Subacromial Impingement – Shoulder Pain

Shoulder pain

Shoulder Pain

Summer is here (although it feels ironic to say that given the deluge yesterday and the week of rain we have forecast). Summer motivates many of us to get out playing cricket, tennis, stool ball (a Sussex speciality), athletics and golf. For those less athletically minded, many get more active with DIY and gardening throughout.

As is often the case with increased activity we can start to get more aches and pains. All the sports and activities mentioned earlier put us at increased risk of aches and pains, in particular shoulders can begin to suffer if not looked after properly.

The complex nature of the shoulder makes it vulnerable to various different pains and instabilities. Many of us have been diagnosed with a condition called sub- acromial impingement syndrome or shoulder impingement. It tends to cause pain down on the top and the side of your arm, pain lifting your arm overhead, pain at night and sometimes a feeling of weakness. This is specifically what a new review has looked at.

Research

A recent systematic review (a review of relevant studies) looking at shoulder surgery versus physiotherapy rehabilitation in patients with subacromial impingement, has shown that the long-term outcomes of physiotherapy rehab can be as beneficial as surgery if not slightly better! The key findings were:

  • some patients will continue to experience minor pain regardless of whether they have surgery or physiotherapy.
  • placebo surgery studies show us that there is no important benefit of having surgery, on pain or function.

Whilst nothing is clear cut and there are thoughts that if we better divide patients into different groups we may get different results, at the moment we have to work with what we do know. When our patients come in to see us, we do everything we can to successfully rehabilitate them without referring them onto a surgeon.

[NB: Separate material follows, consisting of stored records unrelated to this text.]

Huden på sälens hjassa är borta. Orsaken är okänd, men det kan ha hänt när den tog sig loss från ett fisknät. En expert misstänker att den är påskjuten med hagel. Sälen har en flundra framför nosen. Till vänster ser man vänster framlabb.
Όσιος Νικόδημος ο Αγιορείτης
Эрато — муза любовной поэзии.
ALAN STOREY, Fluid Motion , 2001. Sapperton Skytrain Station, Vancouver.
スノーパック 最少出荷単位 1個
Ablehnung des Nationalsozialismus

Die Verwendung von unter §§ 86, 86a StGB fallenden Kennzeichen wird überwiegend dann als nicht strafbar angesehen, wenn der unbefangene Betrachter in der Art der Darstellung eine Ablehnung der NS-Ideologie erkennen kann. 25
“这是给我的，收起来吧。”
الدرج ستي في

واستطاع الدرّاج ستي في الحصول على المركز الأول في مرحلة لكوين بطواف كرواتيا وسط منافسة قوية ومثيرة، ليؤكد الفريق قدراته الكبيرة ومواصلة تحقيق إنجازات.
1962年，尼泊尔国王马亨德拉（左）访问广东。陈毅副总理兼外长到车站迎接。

 The key to success of any rehabilitation is a thorough and accurate assessment and diagnosis by an experienced physiotherapist. A good explanation is needed at the start of the process that it may take a good 4-6 months to see definitive benefits. Physiotherapy should involve manual techniques and most importantly a graded exercise regime which needs to be adapted and increased at appropriate times under the guidance of a skilled physiotherapist.

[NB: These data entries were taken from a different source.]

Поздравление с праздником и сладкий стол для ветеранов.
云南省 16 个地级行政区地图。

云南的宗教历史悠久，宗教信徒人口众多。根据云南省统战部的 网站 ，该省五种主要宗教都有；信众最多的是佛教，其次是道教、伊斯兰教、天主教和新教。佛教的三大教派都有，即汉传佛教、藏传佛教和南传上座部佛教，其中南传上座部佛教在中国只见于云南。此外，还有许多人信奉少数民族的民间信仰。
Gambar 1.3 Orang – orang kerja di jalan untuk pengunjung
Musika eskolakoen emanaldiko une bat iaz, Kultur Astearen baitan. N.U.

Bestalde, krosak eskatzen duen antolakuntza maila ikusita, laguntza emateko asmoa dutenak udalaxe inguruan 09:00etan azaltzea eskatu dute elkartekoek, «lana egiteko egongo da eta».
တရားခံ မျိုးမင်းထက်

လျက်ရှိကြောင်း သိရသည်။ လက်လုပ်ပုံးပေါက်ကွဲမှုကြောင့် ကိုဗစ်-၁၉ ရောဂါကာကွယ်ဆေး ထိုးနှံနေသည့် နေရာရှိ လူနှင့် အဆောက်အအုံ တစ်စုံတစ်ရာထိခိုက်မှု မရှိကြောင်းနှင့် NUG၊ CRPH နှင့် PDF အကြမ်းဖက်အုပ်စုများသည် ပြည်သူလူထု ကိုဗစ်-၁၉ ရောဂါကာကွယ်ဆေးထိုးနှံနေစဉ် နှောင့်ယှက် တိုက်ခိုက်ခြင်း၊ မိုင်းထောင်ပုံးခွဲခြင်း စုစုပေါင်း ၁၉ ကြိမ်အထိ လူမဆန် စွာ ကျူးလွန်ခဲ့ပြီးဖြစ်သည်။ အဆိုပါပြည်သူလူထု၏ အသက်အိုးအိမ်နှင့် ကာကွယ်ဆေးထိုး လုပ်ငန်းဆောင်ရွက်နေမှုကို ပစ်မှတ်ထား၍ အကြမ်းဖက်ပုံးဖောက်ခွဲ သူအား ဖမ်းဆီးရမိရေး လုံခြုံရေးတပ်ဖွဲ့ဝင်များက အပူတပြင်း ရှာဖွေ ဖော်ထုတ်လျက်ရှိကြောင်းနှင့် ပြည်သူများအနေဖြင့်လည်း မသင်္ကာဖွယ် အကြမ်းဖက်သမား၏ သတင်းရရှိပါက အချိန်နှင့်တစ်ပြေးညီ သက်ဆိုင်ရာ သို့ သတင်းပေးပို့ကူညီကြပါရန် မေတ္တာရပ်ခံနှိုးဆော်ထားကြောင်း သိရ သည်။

This should allow you to continue doing your activities whilst being rehabbed although we may need to modify techniques or teach appropriate strapping techniques.

The benefits of an appropriate physiotherapy regime for shoulder pain particularly impingement is no longer in question. This does not depend on your age or how active you are. Some people can have shoulder pain in simple tasks such as putting jumpers on or trying to wash their hair. Don’t continue to suffer the pain in silence.

Subacromial decompression surgery for adults with shoulder pain: a systematic review with meta analysis; Lahdeoja, T et al; British Journal of Sports Medicine, 15/1/19.